Mon père se confessa donc au père Boutoul, titre que mon père ne parvenait pas à donner à un homme de son âge avec qui il avait partagé de longues heures d’angoisse, d’attentes interminables, entourés de morts, englués dans la boue des tranchées du Nord. Plusieurs fois il me raconta leur parodie complice. Frère d’armes, le père Boutoul, n’ignorait rien de ses opinions de libre penseur. Mon père, de son côté, comme tout enfant de son époque, avait suivi le catéchisme, s’était confessé plusieurs fois, n’ignorait rien d’un rituel qu’il jugeait clownesque. Aussi, dans ce « secret du confessionnal» où ils ne pouvaient éviter de passer, jouèrent-ils une comédie que l’un, qui avait le rôle titre, prétendit sérieuse tandis que l’autre, qui était le faire-valoir, voulut bouffonne.
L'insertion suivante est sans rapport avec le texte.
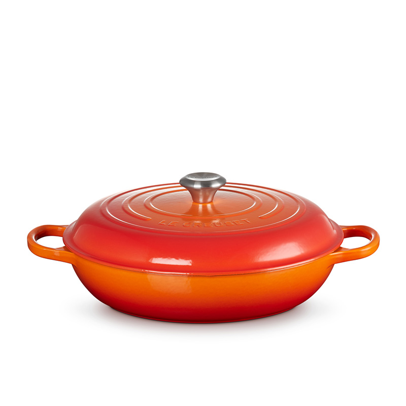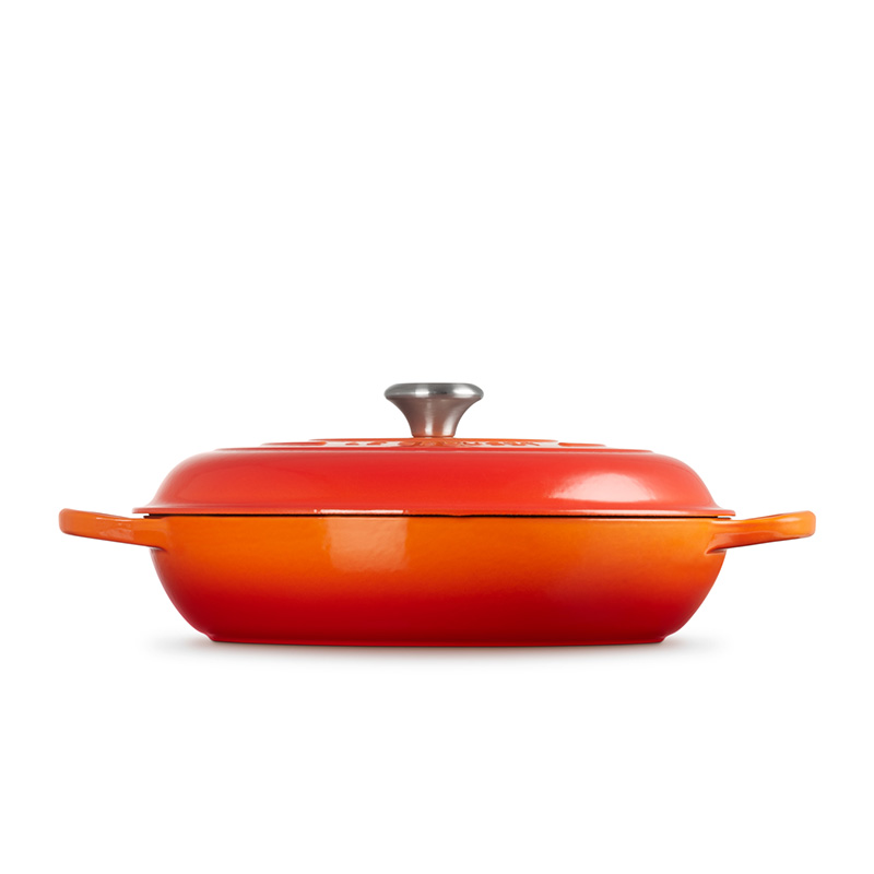 The Braiser is built to last, thanks to a chip-resistant enamel interior and exterior. Its wide base provides a consistent heat source, offering superior heat retention to ensure even slow cooking.
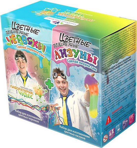 Цветные полимеры "Червяки и Лизуны" - это сразу два интересных и красочных эксперимента в одном. Ребенку нужно будет смешать реагенты и вещества в колбах, чтобы получить забавные полимерные игрушки - ярких и пластичных "лизунов" и "червяков". В наборе имеется красочная инструкция по опытам с необходимыми пояснениями, и весь процесс рассчитан таким образом, чтобы быть безопасным для ребенка. С получившимися червячками и лизунчиками потом можно будет играть и забавляться. Готовые лизуны можно растягивать, крутить, кидать в стену и смотреть, как они медленно отклеиваются. Лизуны меняют форму и обладают фантастической тягучестью благодаря свойствам вещества, из которого они состоят.
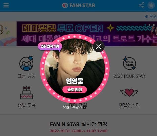 '팬앤스타' 10월 넷째 주 솔로 랭킹 투표에서 3534만 4620표 득표
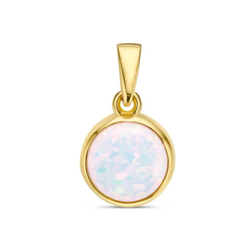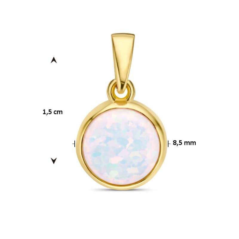 Kleine ronde hanger gemaakt van 14 karaat geelgoud en uitgevoerd met een schitterende witte opaliet, een prachtig kleurenspel! De hanger heeft een totale hoogte van 15 mm, de ronde kast met opaliet heeft een diameter van 8,5 mm. De opaliet is cabochon geslepen en zetkast gezet. Het metaalgewicht is circa 0,88 gram.

Le prêtre respecta le rituel, mon père « confessa », dans le désordre, une interminable liste de péchés qu’il s’était inventé la nuit précédent le rituel: «il avait mis son doigt dans la confiture; avait eu des pensées mauvaises; caressé les seins de sa promise avant le mariage; coassé au passage d’un prêtre; détesté la guerre; maudit le Général Duchêne; ri au passage d’une procession; s’était moqué de la vierge noire; avait empêché un de ses élèves, en le retenant sous un prétexte quelconque, d’aller se confesser; avait laissé brûler une tarte aux pommes; etc.». Le prêtre joua le jeu, lui donna l’absolution à condition qu’il dise chaque matin dix pater et quinze ave, fasse un don aux œuvres, et vienne à la messe deux fois par semaine.

C’est ainsi qu'il inventa ce «jeu de la confession» qui, plus tard, nous rendit, mon père et moi, complices d’une éducation religieuse critique. Nous partagions les rôles, je jouais celui du pénitent devant inventer toujours de nouvelles culpabilités les plus baroques possibles, lui tenait celui du prêtre qui devait imaginer des punitions invraisemblables. Ce jeu irritait ma mère qui ne parvint jamais à abandonner une certaine dose de religiosité. Je suis persuadé que ce fait n’était d’ailleurs pas étranger au plaisir de mon père à y jouer de temps en temps. Sachant très bien ne pas aller trop loin, il aimait en effet chatouiller ma mère sur la religion, se moquer gentiment d’elle pour mieux la câliner ensuite.

Vis à vis de la religion, mon père prétendait me laisser libre: s’il ne s’opposait pas à ce que ma mère me fasse enseigner le catholicisme, il se donnait le droit de m’ouvrir la pensée sur d’autres perspectives. Notre «jeu de la confession» faisait partie de cette stratégie; une autre méthode, plus subtile, était, sous prétexte d’éveil culturel, de m’ouvrir aux autres croyances du monde. En bon pédagogue, il savait que les récits aventureux, riches en péripéties, de la mythologie grecque ne pouvaient qu’intéresser un cerveau d’enfant curieux. Bon conteur, chaque soir, après que ma mère m’eût fait faire ma prière, il m’en racontait, pour m’endormir, un épisode, mettant le dieu catholique au niveau des multiples dieux grecs, relativisant ainsi de façon insidieuse tout ce que le prêtre de la commune tentait de m’enseigner par ailleurs.